#### Given data

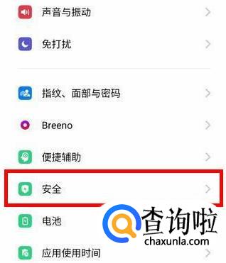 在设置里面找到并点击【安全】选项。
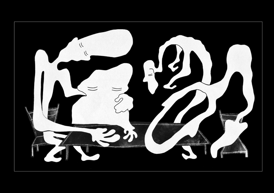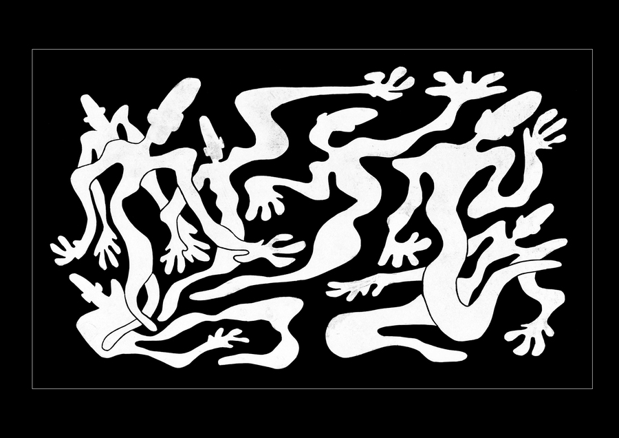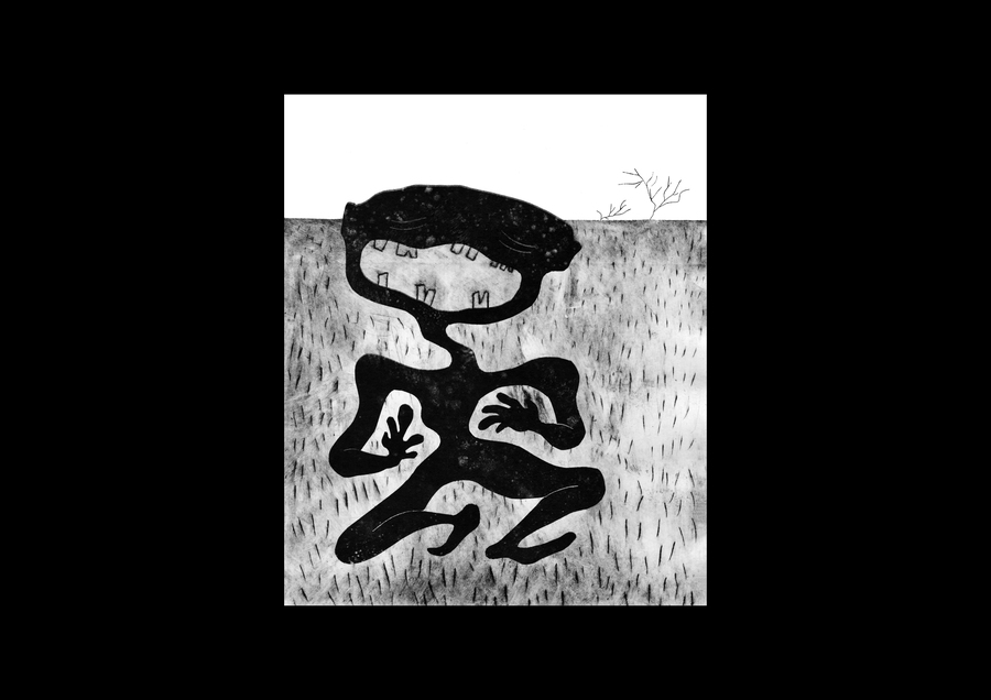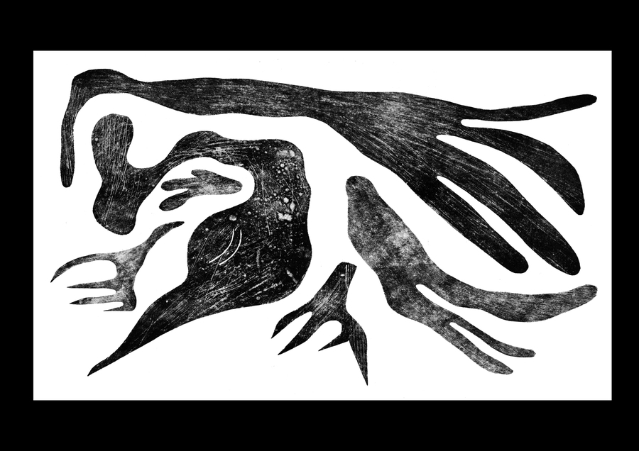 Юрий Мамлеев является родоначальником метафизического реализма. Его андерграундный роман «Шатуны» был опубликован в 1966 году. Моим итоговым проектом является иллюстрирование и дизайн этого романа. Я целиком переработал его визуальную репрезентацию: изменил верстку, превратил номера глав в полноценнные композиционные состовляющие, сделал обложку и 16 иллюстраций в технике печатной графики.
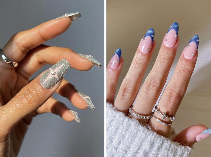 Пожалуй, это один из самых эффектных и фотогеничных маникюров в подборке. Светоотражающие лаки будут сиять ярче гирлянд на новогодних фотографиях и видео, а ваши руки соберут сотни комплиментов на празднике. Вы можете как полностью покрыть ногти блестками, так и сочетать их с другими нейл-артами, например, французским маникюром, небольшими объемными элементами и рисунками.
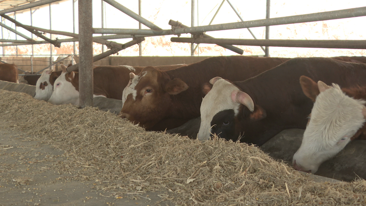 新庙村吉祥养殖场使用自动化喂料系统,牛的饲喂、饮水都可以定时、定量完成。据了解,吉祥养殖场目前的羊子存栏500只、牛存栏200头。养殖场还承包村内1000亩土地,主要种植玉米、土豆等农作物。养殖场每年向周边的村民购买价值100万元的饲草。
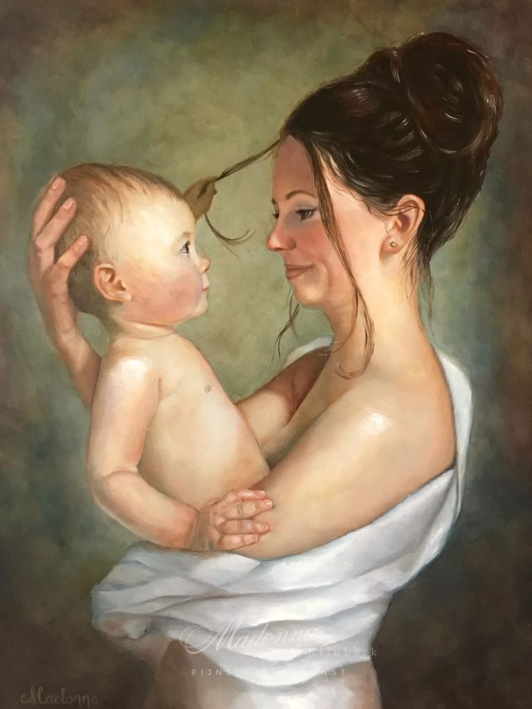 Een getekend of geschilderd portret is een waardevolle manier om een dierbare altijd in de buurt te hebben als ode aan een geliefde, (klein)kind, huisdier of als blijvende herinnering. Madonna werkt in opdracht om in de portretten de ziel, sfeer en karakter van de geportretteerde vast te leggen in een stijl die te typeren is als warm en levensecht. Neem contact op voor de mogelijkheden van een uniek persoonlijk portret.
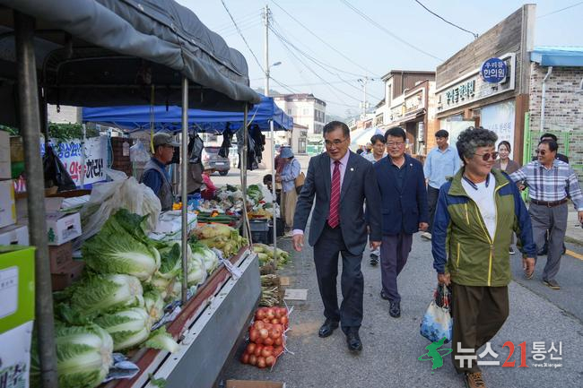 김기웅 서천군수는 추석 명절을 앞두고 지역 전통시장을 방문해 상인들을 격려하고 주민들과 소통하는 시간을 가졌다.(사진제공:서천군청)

########

**To do**
Begin at the line with "Een getekend of" and end at the last line of the data above. Reproduce those lines exactly, but not the pictures.

**Result**
 Een getekend of geschilderd portret is een waardevolle manier om een dierbare altijd in de buurt te hebben als ode aan een geliefde, (klein)kind, huisdier of als blijvende herinnering. Madonna werkt in opdracht om in de portretten de ziel, sfeer en karakter van de geportretteerde vast te leggen in een stijl die te typeren is als warm en levensecht. Neem contact op voor de mogelijkheden van een uniek persoonlijk portret.
 김기웅 서천군수는 추석 명절을 앞두고 지역 전통시장을 방문해 상인들을 격려하고 주민들과 소통하는 시간을 가졌다.(사진제공:서천군청)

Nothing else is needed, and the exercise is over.